| What you need to do |
With the images removed, return every line below exactly as it reads.

| Given data |
◇ ◇ ◇

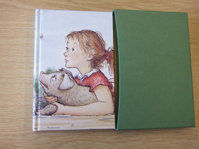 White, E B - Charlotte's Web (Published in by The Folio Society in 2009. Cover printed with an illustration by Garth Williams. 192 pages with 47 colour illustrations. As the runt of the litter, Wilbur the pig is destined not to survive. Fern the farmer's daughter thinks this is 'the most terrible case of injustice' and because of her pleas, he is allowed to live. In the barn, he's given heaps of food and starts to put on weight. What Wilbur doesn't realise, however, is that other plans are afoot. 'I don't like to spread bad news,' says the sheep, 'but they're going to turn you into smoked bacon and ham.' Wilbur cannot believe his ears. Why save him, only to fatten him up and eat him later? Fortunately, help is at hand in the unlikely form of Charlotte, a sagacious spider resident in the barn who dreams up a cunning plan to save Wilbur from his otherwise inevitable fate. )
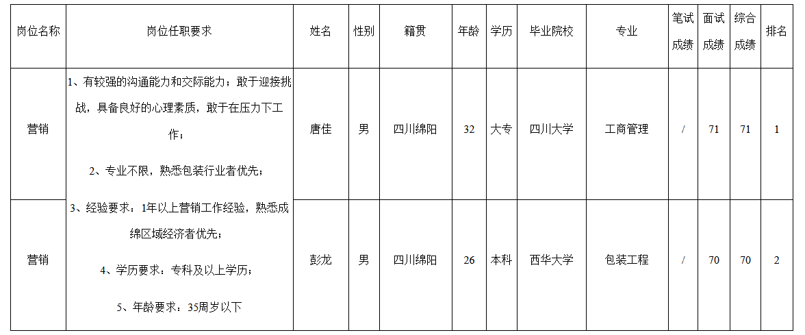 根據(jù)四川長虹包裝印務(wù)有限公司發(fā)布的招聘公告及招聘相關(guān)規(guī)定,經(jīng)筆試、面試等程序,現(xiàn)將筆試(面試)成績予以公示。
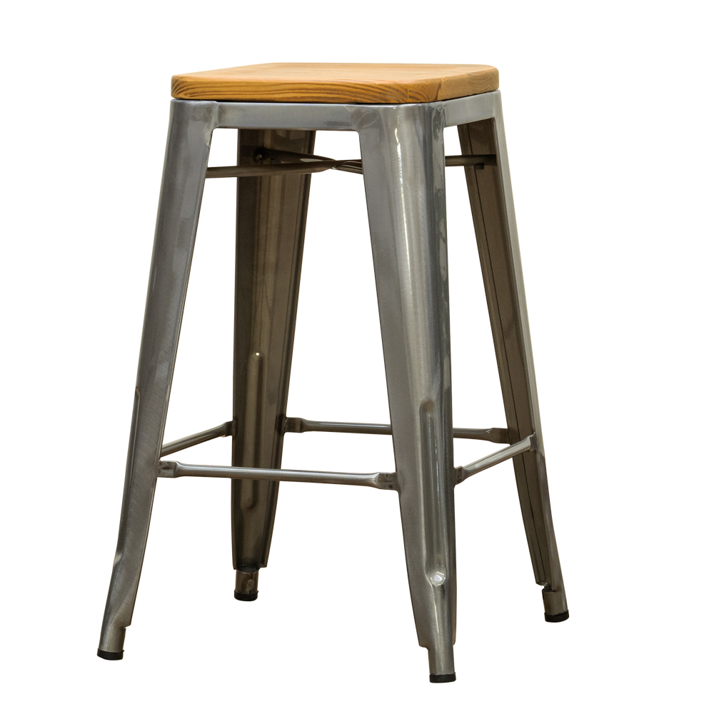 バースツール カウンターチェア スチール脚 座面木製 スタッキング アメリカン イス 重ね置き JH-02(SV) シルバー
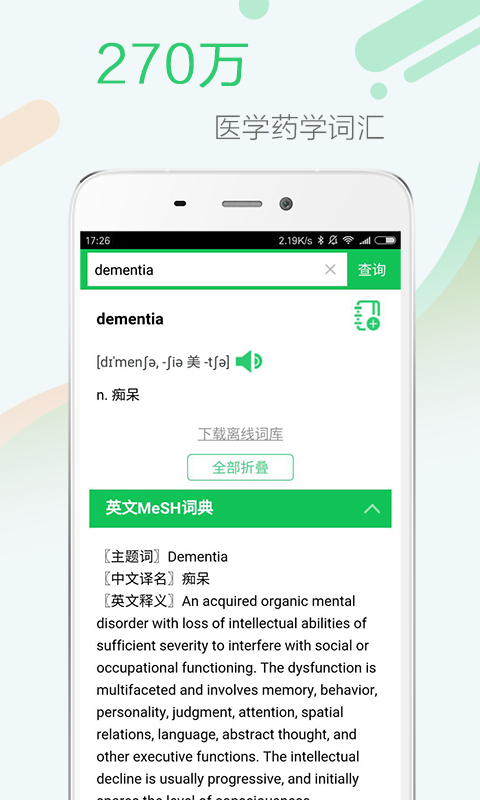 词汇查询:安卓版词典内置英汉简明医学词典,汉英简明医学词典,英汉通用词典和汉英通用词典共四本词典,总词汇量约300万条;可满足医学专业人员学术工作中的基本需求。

◇ ◇ ◇

| Solution for this problem |
 White, E B - Charlotte's Web (Published in by The Folio Society in 2009. Cover printed with an illustration by Garth Williams. 192 pages with 47 colour illustrations. As the runt of the litter, Wilbur the pig is destined not to survive. Fern the farmer's daughter thinks this is 'the most terrible case of injustice' and because of her pleas, he is allowed to live. In the barn, he's given heaps of food and starts to put on weight. What Wilbur doesn't realise, however, is that other plans are afoot. 'I don't like to spread bad news,' says the sheep, 'but they're going to turn you into smoked bacon and ham.' Wilbur cannot believe his ears. Why save him, only to fatten him up and eat him later? Fortunately, help is at hand in the unlikely form of Charlotte, a sagacious spider resident in the barn who dreams up a cunning plan to save Wilbur from his otherwise inevitable fate. )
 根據(jù)四川長虹包裝印務(wù)有限公司發(fā)布的招聘公告及招聘相關(guān)規(guī)定,經(jīng)筆試、面試等程序,現(xiàn)將筆試(面試)成績予以公示。
 バースツール カウンターチェア スチール脚 座面木製 スタッキング アメリカン イス 重ね置き JH-02(SV) シルバー
 词汇查询:安卓版词典内置英汉简明医学词典,汉英简明医学词典,英汉通用词典和汉英通用词典共四本词典,总词汇量约300万条;可满足医学专业人员学术工作中的基本需求。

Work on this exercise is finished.